I would agree with the recruiter: this code does not make a good first impression.

Red flags

Any one of these issues could be grounds for disqualification within the first few seconds of reading.

  • Too much code. If someone gives you a programming puzzle, chances are that they expect a short, elegant solution. Nobody wants to read a long, rambling answer, so they would not ask a question that requires a lot of code to solve.

    The bulk of your code is in one long function. I couldn't point to a chunk of code within that function and say what that chunk's purpose is. The comments that you left are worse-than-useless junk: they are all disabled print statements for debugging.

    You have 65 lines, excluding comments and blank lines. My proposed solution below has about half that.

  • Global variables. It is widely agreed that global variables are to be used only as a last resort. Here, there's absolutely no justification for them. Not only do they make it hard to reason about the code by making side-effects non-localized, they indicate that your function's interface is sloppy: it's unclear what the function's inputs and outputs are.

  • Too many variables.
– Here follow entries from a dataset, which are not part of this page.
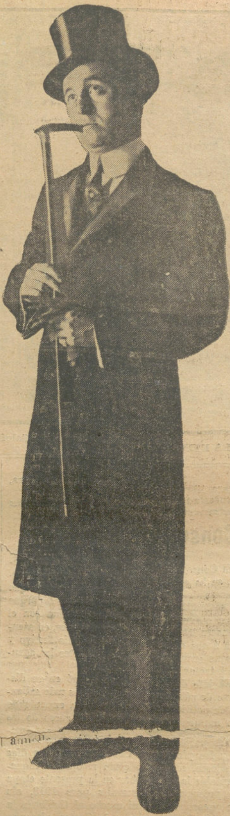
El popularísimo actor RAMON PESA, que esta noche celebra su beneficio en Eslava.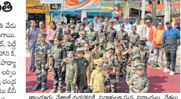
తాండూరు: నేతాజీ విగ్రహానికి నివాళులర్పిస్తున్న విద్యార్థులు, నేతలు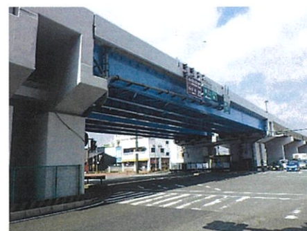
国土交通省 奈良高架橋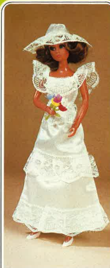
1631 Brautkleid mit Spitzenhut, Schuhe Blumenbouquet, Kleiderbügel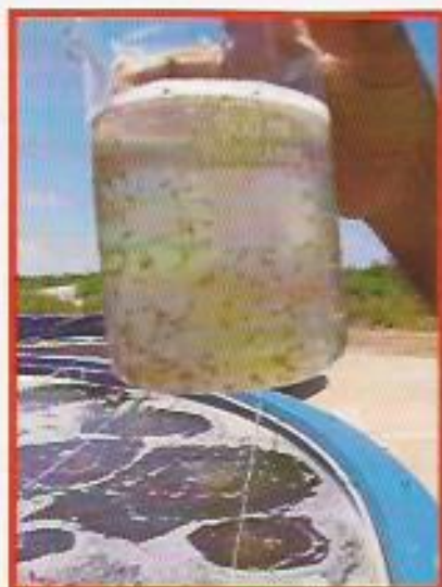
Figura 14: Checagem de Pl's.

A utilização de tanques berçários deve ser acompanhada de uma série de procedimentos quanto ao manejo de cultivo e de biossegurança.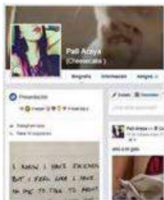
Imagen 1. Perfil ficticio para etnografía virtual, año 2016.

Para ser miembro de esta comunidad se utilizaron algunas tácticas de acceso al campo, observando de forma previa las prácticas de interacción y de autopresentación, identificando elementos comunes y características de sus miembros. Con esta información se construyó un perfil ficcionado (Imagen 1) que sirvió para ingresar a la comunidad. A este perfil se le asignó un nombre, fecha de nacimiento, una foto de perfil, una foto de portada y suscripciones a distintas páginas de Facebook. Dicho perfil correspondía al de una joven de 20 años, en base a la información obtenida en el grupo observado. Las fotografías utilizadas para construir este perfil fueron fotografías editadas de uno de los miembros del equipo de investigación 5 ; con el objeto de evitar la denuncia por usurpación de identidad o poner en riesgo la espontaneidad de las interacciones de los jóvenes al ser reconocida como investigadora dentro de la comunidad.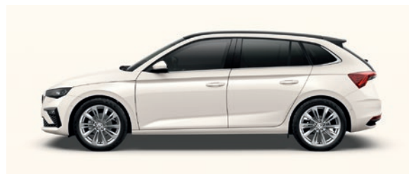
Uni Blanc Candy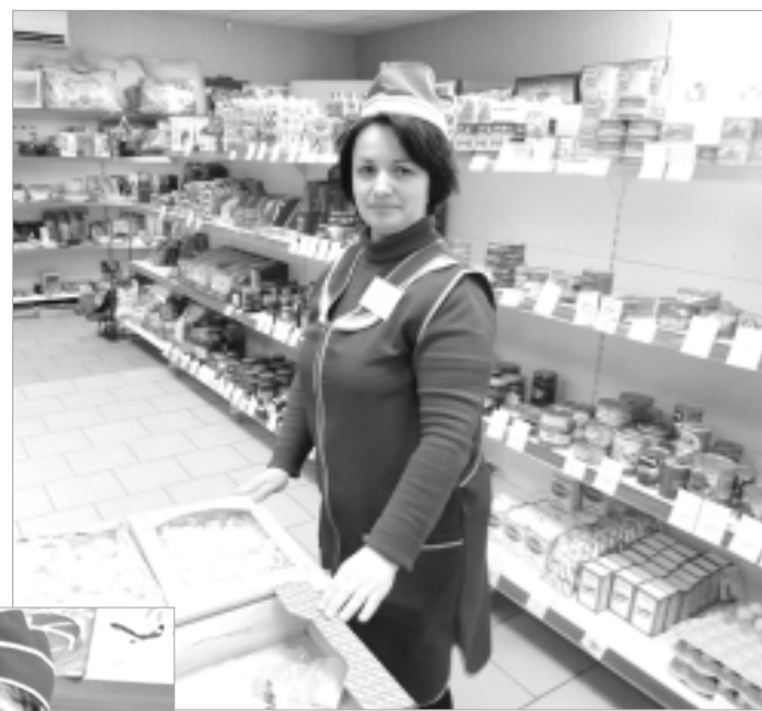
Коллектив магазина самообслуживания с. Чипляево успешно справляется с выполнением плановых заданий.

✓ Объем заготовительного оборота - 22 млн. рублей.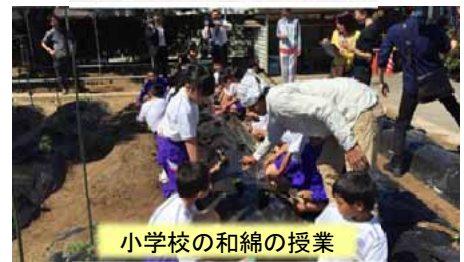
小学校の和綿の授業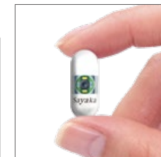
次世代カプセル内視鏡 Sayaka

Within FindShortest(), we have:

    1. CurrentTerm
    2. MatchIndexes (global?)
    3. LeftBorder (global)
    4. RightBorder (global)
    5. FinalLeftBorder (global)
    6. FinalRightBorder (global)
    7. SearchTerms
    8. OptimalRightBorderFound
    9. OldLeftBorder
    10. OldRightBorder

    The human mind can keep track of about seven things at once. Ideally, you should only have about three variables per function.

  • Non-idiomatic Python. You used regular expressions, which is good. Other than that, your answer is written not much differently from a C solution. You need to demonstrate your ability to think at a more abstract level.
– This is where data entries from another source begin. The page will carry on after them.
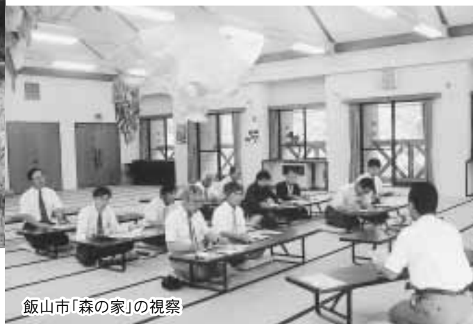
飯山市「森の家」の視察

た。翌日は飯山市なべくら高原「森の家」の視察を行い、農業と観光を一体化し、自然農村体験をテーマとしたグリーンツーリズムの取り組みなどを伺いました。委員会として今後の検討課題の一つと思われるものでした。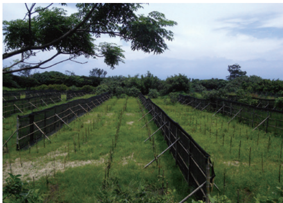
▲照片8、造林地內設置高度2公尺防風網來因應環境因子的變化。

至 1,200 公尺，透風度以 50% 至 60% 最適宜，其施作數量得視林地實際需要調整之（詳如照片 8）。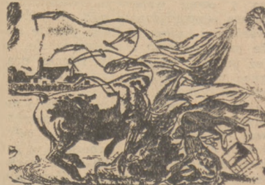
— Ja wiem, że to jest tylko sen. Jestem przecięt w piżamie.

oddano do ruchu w angielskich okręgach przemysłowych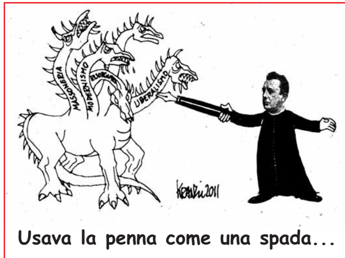
Usava la penna come una spada...

ziativa. Ne ricordiamo la cortesia e l'affabile disponibilità. Raccomandiamo le loro anime alle vostre preghiere.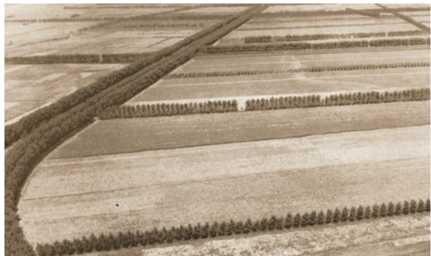
Prikaz navodnjavanja (detalj iz prospekta)

  • Non-standard naming. You should call your function find_shortest, and its parameter current_term, and similarly for all variables. UpperCase identifiers look like class names. See PEP 8, which is the standard style guide for Python.

    The naming of your functions is particularly important, since its effects extend beyond your own code. You've just indicated that you will burden your future colleagues with non-standard naming.

Yellow flags

These are also serious issues. They are just not as obvious as the red flags at first glance.

  • Lots of free-floating preparatory code. There's a lot of code between opening the file and calling FindShortest(). Why does it do, and why is it not packaged in functions too?

  • Careless concatenation. RegexVariable = r"\W" + Term + r"\W" trusts that Term contains no characters that have special meaning within regular expressions. From that one line of careless concatenation, I would infer that you would probably write code that is vulnerable to SQL injection, cross-site scripting, arbitrary command execution, header-splitting attacks, etc.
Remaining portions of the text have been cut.